YOUR OBJECTIVE:
Return the lines that run from the line containing "中津:今回の調査は、ご好評を" through the end of the entries, both ends included. Leave out all pictures.

MATERIAL PROVIDED:
════════════════════

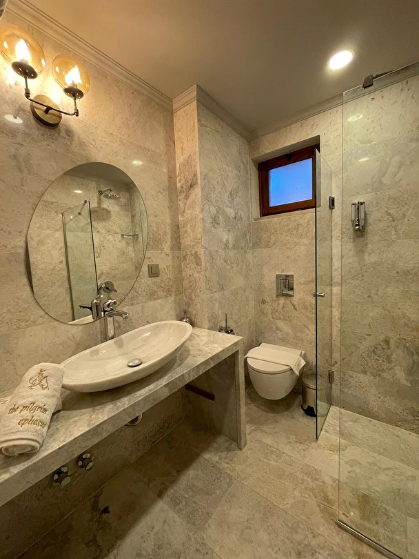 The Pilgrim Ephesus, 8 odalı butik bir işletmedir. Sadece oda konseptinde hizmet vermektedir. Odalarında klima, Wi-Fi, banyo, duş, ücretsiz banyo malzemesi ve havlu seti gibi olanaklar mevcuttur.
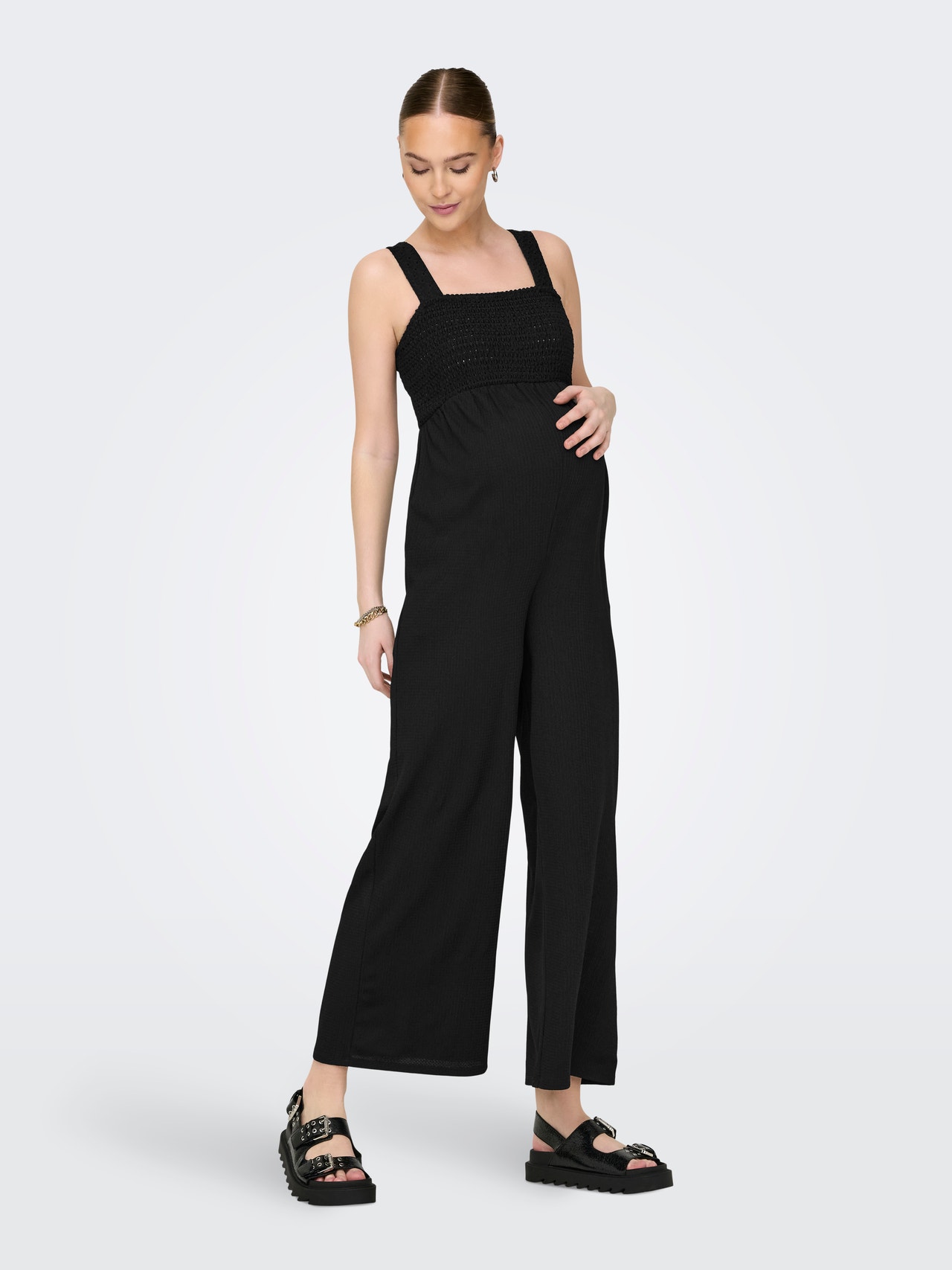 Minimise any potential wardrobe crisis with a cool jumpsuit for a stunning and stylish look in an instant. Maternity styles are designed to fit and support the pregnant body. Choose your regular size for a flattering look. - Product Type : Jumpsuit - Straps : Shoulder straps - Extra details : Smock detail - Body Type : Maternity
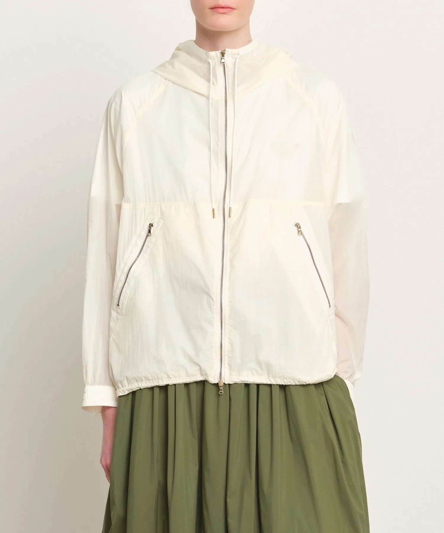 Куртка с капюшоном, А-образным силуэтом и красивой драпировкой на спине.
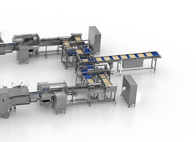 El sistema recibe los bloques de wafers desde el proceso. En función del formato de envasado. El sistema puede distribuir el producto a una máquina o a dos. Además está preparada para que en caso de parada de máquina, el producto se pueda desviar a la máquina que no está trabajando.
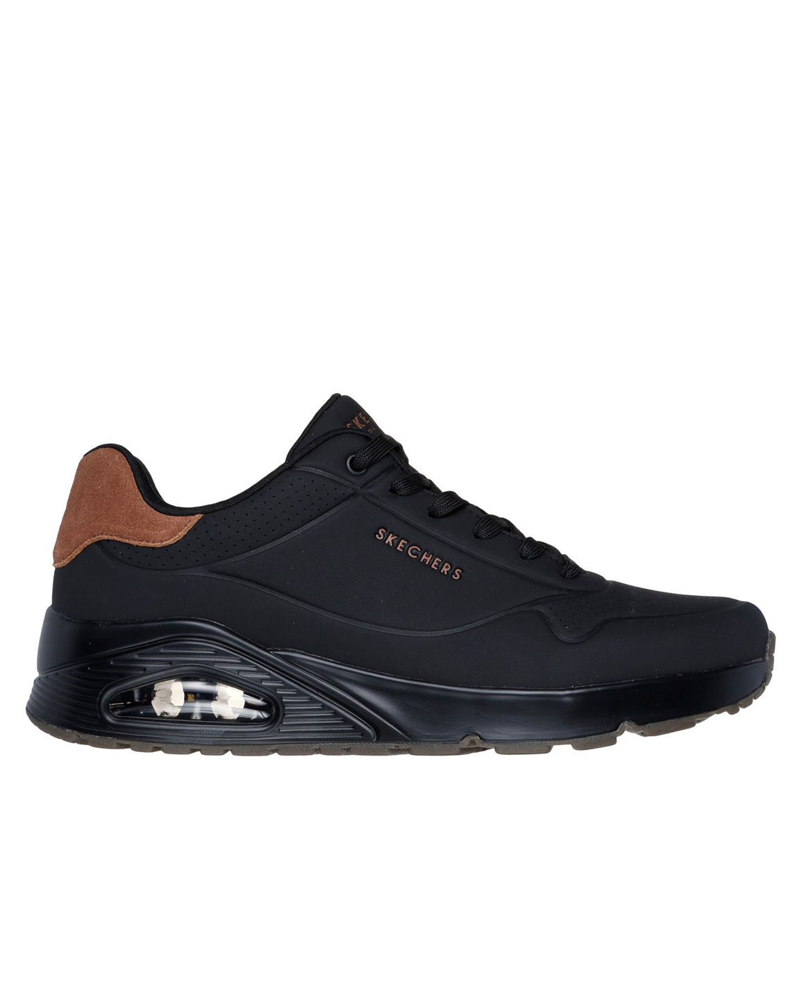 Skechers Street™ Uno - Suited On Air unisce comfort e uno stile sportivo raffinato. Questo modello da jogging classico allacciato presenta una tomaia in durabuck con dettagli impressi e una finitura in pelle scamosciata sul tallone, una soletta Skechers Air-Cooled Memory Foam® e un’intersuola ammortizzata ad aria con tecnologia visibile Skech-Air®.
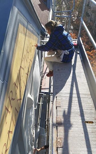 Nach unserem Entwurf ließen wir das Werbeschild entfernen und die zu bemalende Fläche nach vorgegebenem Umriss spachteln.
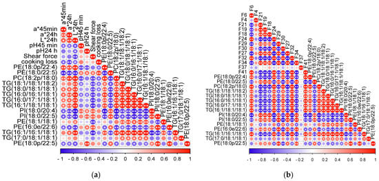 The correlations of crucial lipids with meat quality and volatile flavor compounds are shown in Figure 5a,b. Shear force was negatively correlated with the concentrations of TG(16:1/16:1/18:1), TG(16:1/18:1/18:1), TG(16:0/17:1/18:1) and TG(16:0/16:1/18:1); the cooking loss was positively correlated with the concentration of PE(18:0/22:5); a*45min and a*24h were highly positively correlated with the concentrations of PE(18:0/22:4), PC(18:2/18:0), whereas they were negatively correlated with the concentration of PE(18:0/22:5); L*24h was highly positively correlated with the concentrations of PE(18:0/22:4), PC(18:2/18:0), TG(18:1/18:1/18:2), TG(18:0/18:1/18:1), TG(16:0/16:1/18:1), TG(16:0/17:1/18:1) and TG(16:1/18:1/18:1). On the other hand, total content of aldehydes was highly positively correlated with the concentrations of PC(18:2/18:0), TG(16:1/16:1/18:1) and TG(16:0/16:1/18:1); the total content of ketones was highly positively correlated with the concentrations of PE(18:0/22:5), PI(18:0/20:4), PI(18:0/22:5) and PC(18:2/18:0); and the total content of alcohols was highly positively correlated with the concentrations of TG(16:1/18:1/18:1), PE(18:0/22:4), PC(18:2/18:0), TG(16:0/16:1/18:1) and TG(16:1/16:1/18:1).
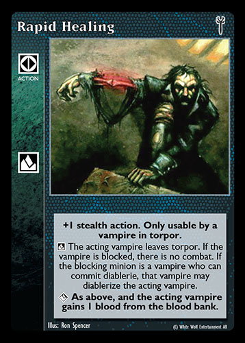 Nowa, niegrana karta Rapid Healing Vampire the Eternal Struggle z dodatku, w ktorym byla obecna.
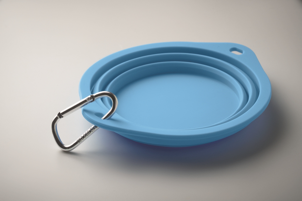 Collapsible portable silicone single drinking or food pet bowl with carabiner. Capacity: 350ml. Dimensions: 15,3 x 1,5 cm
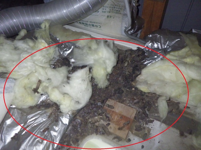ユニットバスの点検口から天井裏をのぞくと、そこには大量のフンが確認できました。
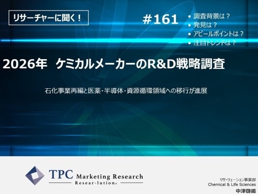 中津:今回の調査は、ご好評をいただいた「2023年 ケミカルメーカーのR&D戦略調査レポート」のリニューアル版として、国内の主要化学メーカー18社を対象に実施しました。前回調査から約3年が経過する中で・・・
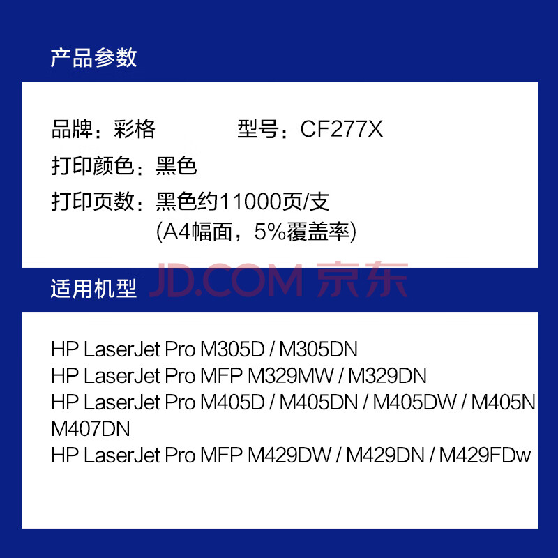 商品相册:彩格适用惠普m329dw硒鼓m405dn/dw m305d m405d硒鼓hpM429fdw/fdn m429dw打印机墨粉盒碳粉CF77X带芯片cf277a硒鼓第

════════════════════

ANSWER SPACE:
 中津:今回の調査は、ご好評をいただいた「2023年 ケミカルメーカーのR&D戦略調査レポート」のリニューアル版として、国内の主要化学メーカー18社を対象に実施しました。前回調査から約3年が経過する中で・・・
 商品相册:彩格适用惠普m329dw硒鼓m405dn/dw m305d m405d硒鼓hpM429fdw/fdn m429dw打印机墨粉盒碳粉CF77X带芯片cf277a硒鼓第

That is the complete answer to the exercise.